Через четыреста метров машина остановилась возле средней двери терминала, и они все вместе отправились в отдел полиции аэропорта. Гренсу уже случалось бывать здесь; он отыскал в глубине переговорную комнату с кофе и маслянистыми венскими булочками.

Значит, прислали машину. Зарезервировали переговорную в местном участке. Приготовили кофе с булочками.

Гренс наблюдал за своими датскими коллегами, которые искали пластиковые стаканчики и сахар.

На душе полегчало. Явная враждебность, глухое сопротивление совместной работе словно бы улетучились.

Якуб Андерсен вытер о штаны пальцы, липкие после бумаги, в которую была завернута булочка, и выложил на середину стола фотографию формата А-4. Сильно увеличенную цветную копию. Гренс внимательно посмотрел на изображение. Мужчина лет тридцати-сорока, с ежиком светлых волос и крупными чертами лица.

- Карстен.

В морге Людвиг Эррфорс описывал мужчину североевропейской внешности, который, судя по тому, как его оперировали и как ему лечили зубы, родился и вырос в Швеции.

- У нас другая система. Мужские кодовые имена для информаторов-мужчин, женские кодовые имена - для информаторов-женщин. Зачем заморачиваться?

Я видел тебя на полу. У тебя было три большие дырки в голове.

- Карстен. Или Йенс Кристиан Тофт.

Потом я видел тебя на столе в прозекторской у Эррфорса, кожа с лица содрана.

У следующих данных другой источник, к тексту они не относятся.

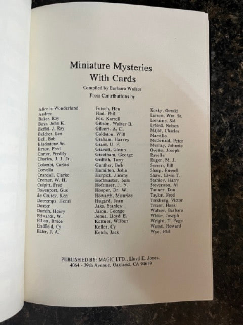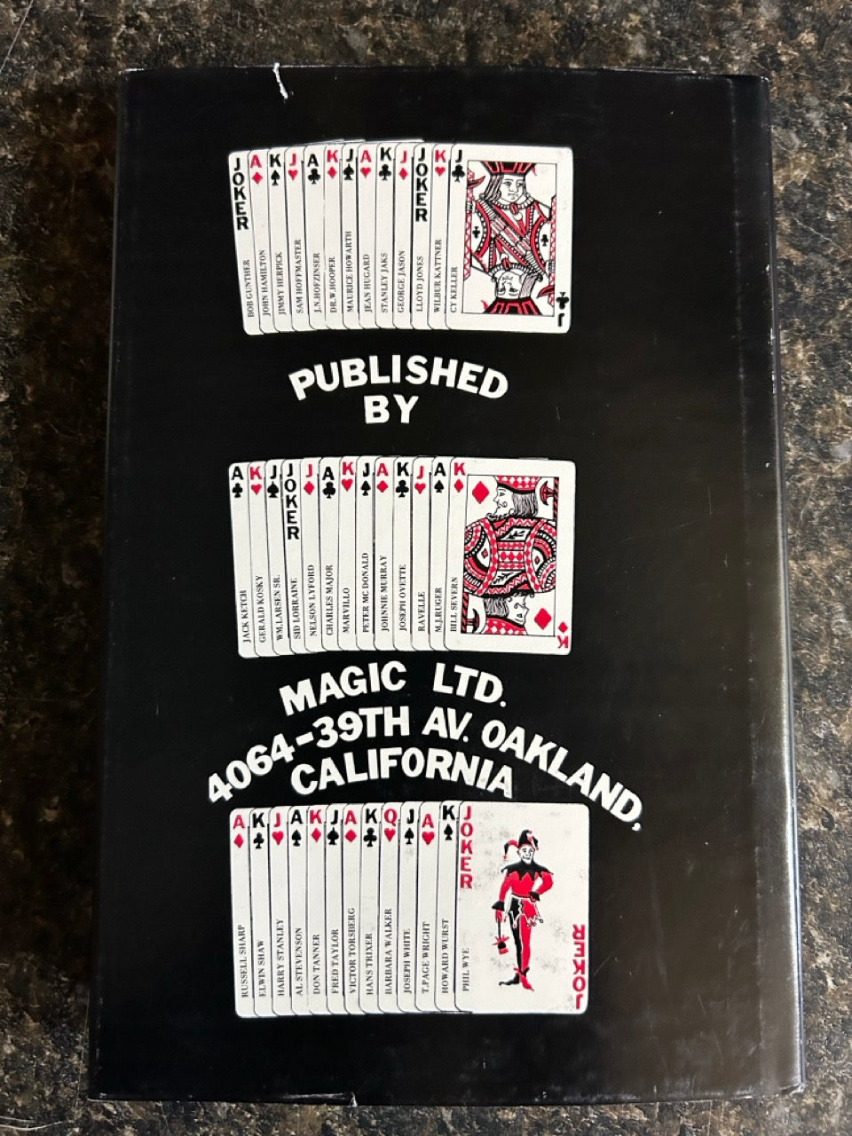 Copy 1: USED, HC w/dj, 166 Pages- IMPORTANT NOTE: Former owner has pasted his nameplate, as well as small photos of the magicians that are mentioned throughout this book, on the inside front cover & onto facing page. There may also be a colored dot on the spine, by which he indexed his collection, as well as underlining throughout. THIS IS A USED BOOK, and the listed price reflects these possibilities.
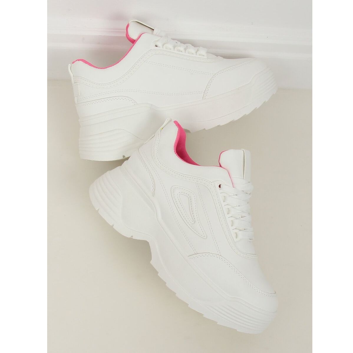 Yksityiskohdat: Korkea pohja, valkoiset LA78P Fushia -urheilukengät valkoinen vaaleanpunainen
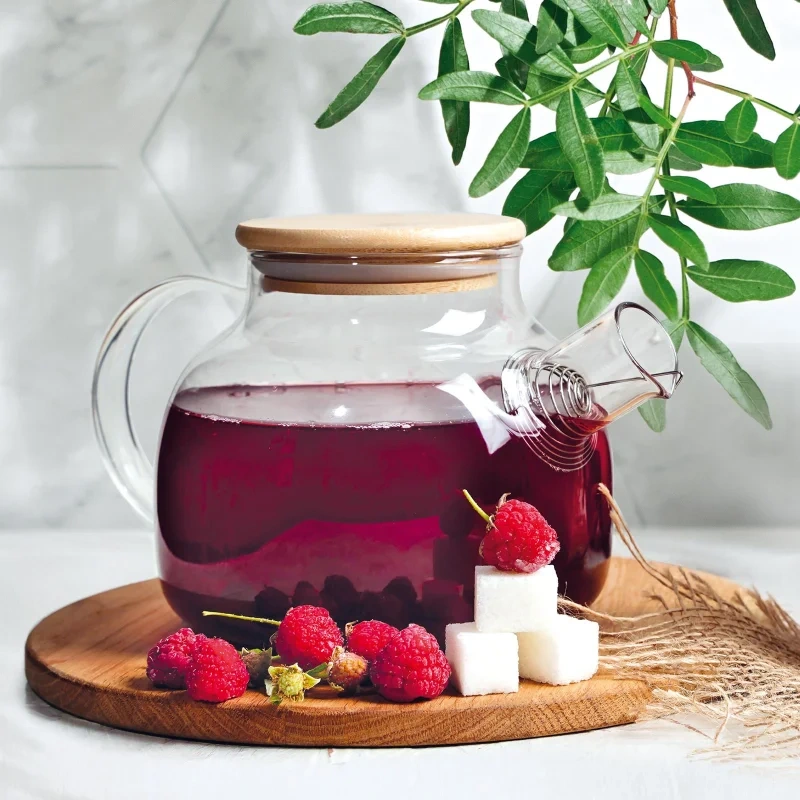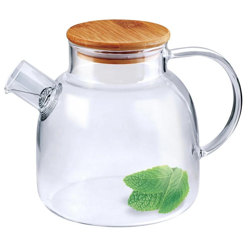 Чайник изготовлен из термостойкого стекла, которое сохраняет натуральный вкус и аромат напитков. Стекло не впитывает запахи и легко очищается. Чайник оснащен бамбуковой крышкой, придающей изделию стильный вид.
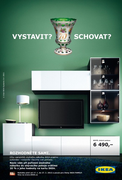 Nová kampaň společnosti IKEA se sloganem „Vystavit? Schovat? Rozhodněte sami.“ podporuje nabídku úložného nábytku BESTÅ do obývacího pokoje. Komunikace z dílny agentury Kaspen/Jung von Matt, která vznikla ve spolupráci s maďarskou agenturou Well, se zaměřuje na variabilitu nábytku, díky níž se každý může rozhodnout, co si nechá vystavené nebo skryje za dvířka úložné sestavy.
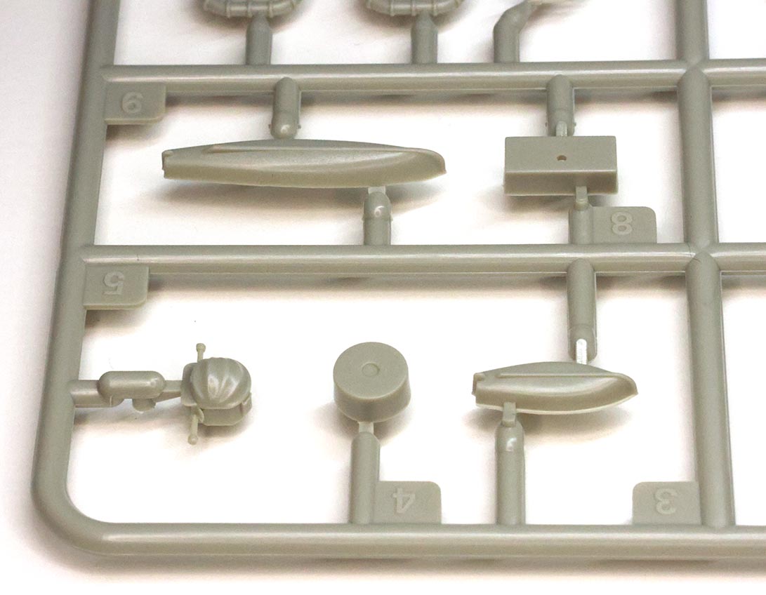 | The two "H" trees are similar to the two "D" trees in that they are together in a protective bag and partially, but not completely, wrapped in protective foam. There are a number of small details on each; such as vents, hawser reels, and booms as well as a HACS Mk III director, Hotchkiss 3-pdr and quad Vickers .50 cal machine guns. The detail on the 30' gig, 16' dinghy's, and carley floats is good, although there is a slight knocking pin mark inside near the stern on the 30' gig that might become more pronounced if one uses a wash to pick out the internal details. 4" ammo lockers for the QF guns are provided on this tree and there are knocking pin marks on the back - most of the lockers are positioned on deck such that this won't be an issue but there are few that will be visible. I think it would be easiest to use some Mr. Surfacer to fill the depressions and sand the backs while still on the parts tree before removing them given the size of the parts and size of the connection gate. | |||||||||||||||||||||||||
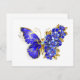 Jewelry, blue, sapphire, sparkling flower butterfly with wing decorated with blue, precious flowers with gold leaves on white background.
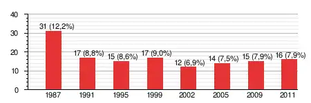 - Динамика депутатских мест и голосов избирателей (в процентах)
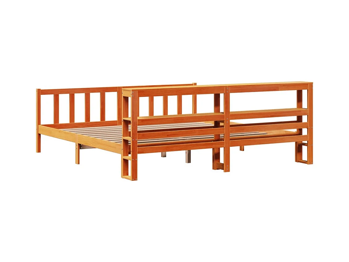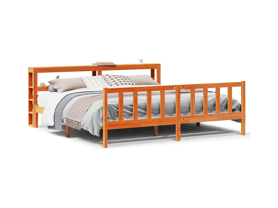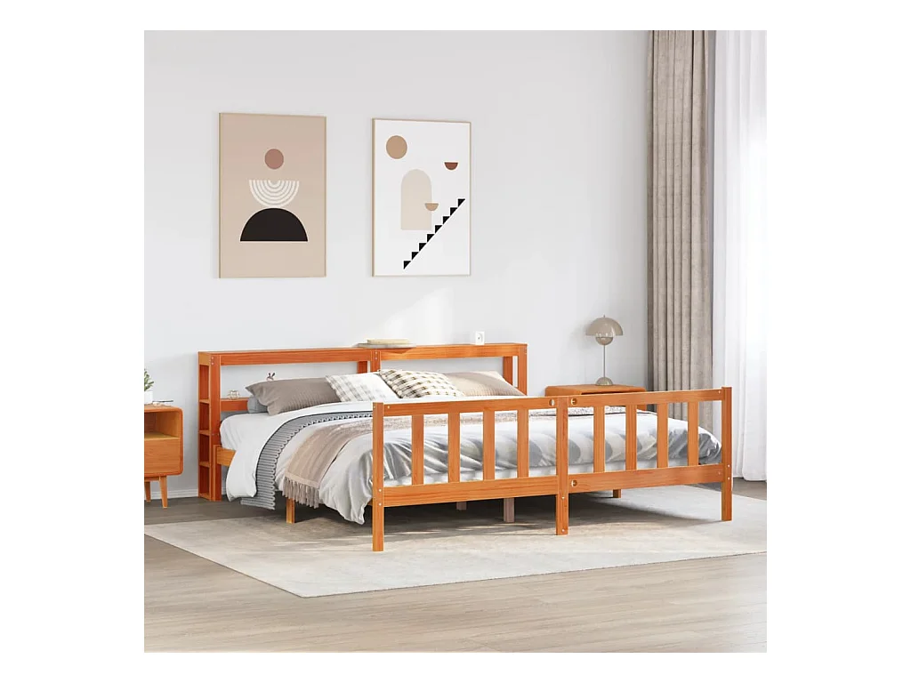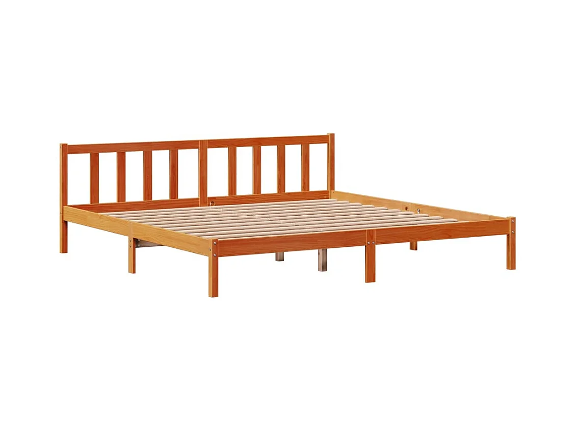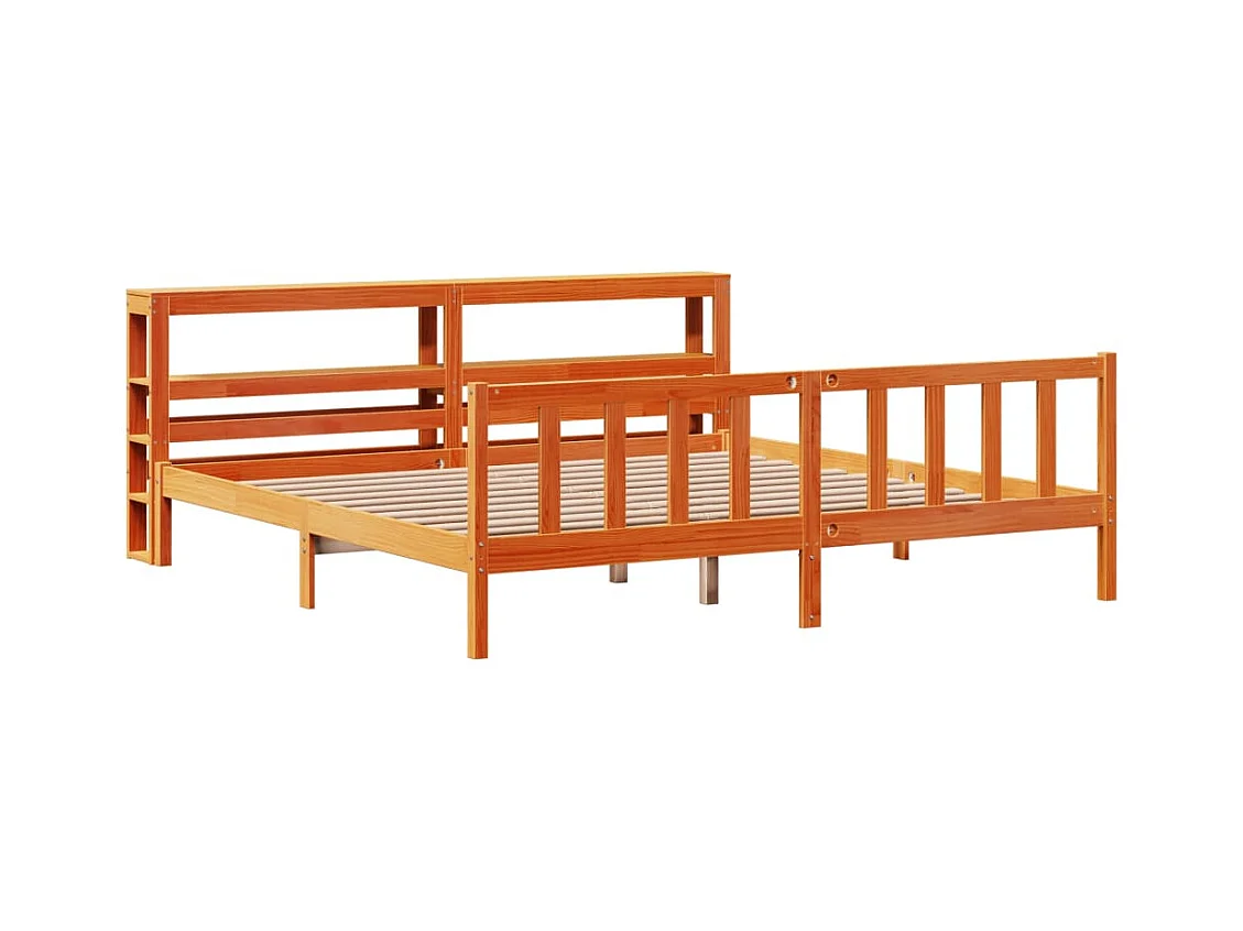 Estructura cama con cabecero madera pino marrón cera 200x200 cm
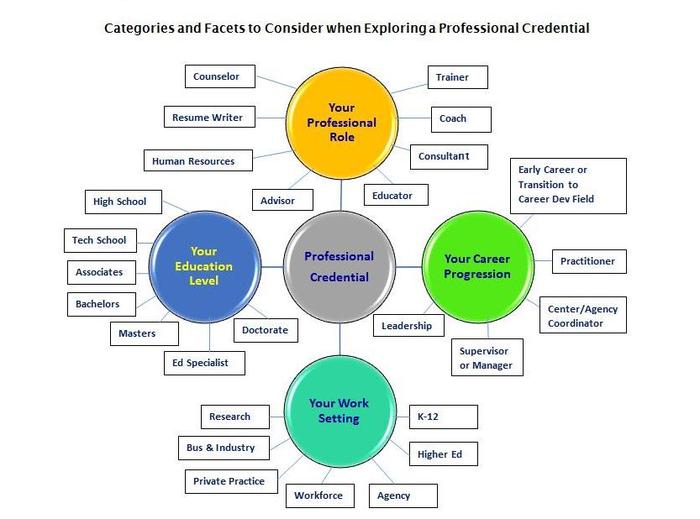 • If you are working on enhancing your involvement in the career field – what credential “ties in” with your background (experience, education and training), and therefore demonstrates to others your level of proficiency in career development?
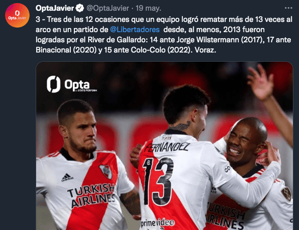 Desde el año 2013, solo hubo 12 partidos de Copa Libertadores en los que un equipo logró rematar por lo menos 13 veces al arco. No solo un disparo, sino que ese disparo vaya entre los tres palos. De esas 12 ocasiones, tres lo tienen como protagonista a River, siendo el que más veces logró alcanzar estos números en el último tiempo: pateó 14 veces ante Jorge Wilstermann en el 2017 en el Monumental, 17 ante Binacional en el Monumental en 2020y 15 ante Colo Colo la otra noche.
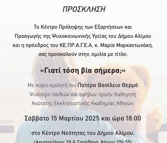 Ο Δήμος Αλίμου και το Κέντρο Πρόληψης των Εξαρτήσεων και Προαγωγής της Ψυχοκοινωνικής Υγείας σας…
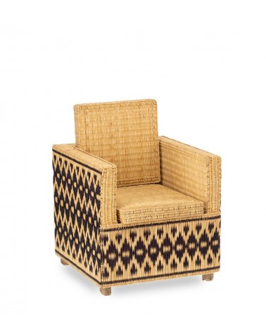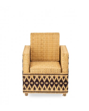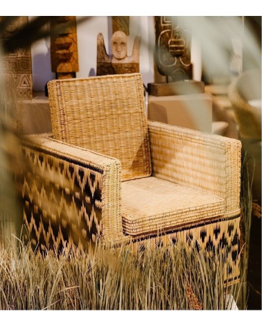 Fauteuil Mogador — Athezza Uzès — Coloris noir — Matières fer + herbe tressée — Dossier H90 cm — Usage intérieur — 65 × 70 × H90 cm — 20 kg — Commandez sur Takoori, livraison en France.

- Гражданин Дании, который, однако, родился и вырос в Швеции. Судим за побои, лжесвидетельство, вымогательство; в конце концов попал на два года в копенгагенскую тюрьму Вестре Фенгсель, корпус "D", там мы его и завербовали. Вы тоже так делаете. Иногда вербуете уже в следственной тюрьме. Разве нет?

Я узнал тебя, это ты, даже на фотографии из морга, где тебя вымыли, ты похож на себя.

- Мы его выучили, создали ему прошлое, легенду. В качестве агента он получал от копенгагенской полиции деньги, чтобы покупать наркотики и тем провоцировать членов разных преступных организаций. "Хеллз Энджелз", "Бандидос", русскую, югославскую, мексиканскую… мафию на любой вкус. В этот, третий раз он провоцировал польскую организацию "Войтек".

- "Войтек"?

- "Войтек Секьюрити Интернешнл". Охранники, личные телохранители, перевозка ценностей. Официально. Точно так же, как в остальных странах Восточной Европы. Организованная преступность за фасадом охранного предприятия.

- Польская мафия. Теперь у нее есть имя. "Войтек".

- Но в Швеции он делал это в первый раз. И без прикрытия - мы не хотели проводить операцию на шведской территории. Поэтому она обернулась тем, что мы называем неконтролируемой сделкой.

Гренс извинился и встал. С фотографией убитого в одной руке и мобильным телефоном в другой он вышел из переговорной в зал ожидания, стараясь не столкнуться с огромными чемоданами, проворно волочимыми в новую очередь.

- Свен?

- Да?

- Ты где?

- У себя в кабинете.

- Сядь за компьютер. Пробей множественный запрос по некоему Йенсу Кристиану Тофту. Год рождения - тысяча девятьсот шестьдесят пятый.

Гренс нагнулся и подобрал дорожную сумку, которая свалилась с тележки загорелой улыбчивой немолодой дамы; она поблагодарила, и он улыбнулся в ответ, слушая, как Сундквист придвигает стул к столу; потом раздался пронзительный аккорд - похоже, Свен включил компьютер.

- Готово?

- Нет.

- Я спешу.

- Эверт, я открываю систему. Она не откроется раньше, чем ей положено. Тут я ничего не могу сделать.

- Можешь, можешь.

Несколько минут щелканья по клавишам; Гренс невесело расхаживал между пассажирами и стойками регистрации, потом - голос Свена:

- Ничего не нашел.

- Нигде ничего?

- Ничего в базе данных по уголовным преступлениям, ничего в реестре водительских удостоверений, у него не снимали отпечатки пальцев, его нет в ASPEN.

Гренс медленно описал два круга по унылому залу вылета.

Теперь есть имя. Теперь он знает, кто лежал в темной луже на полу гостиной.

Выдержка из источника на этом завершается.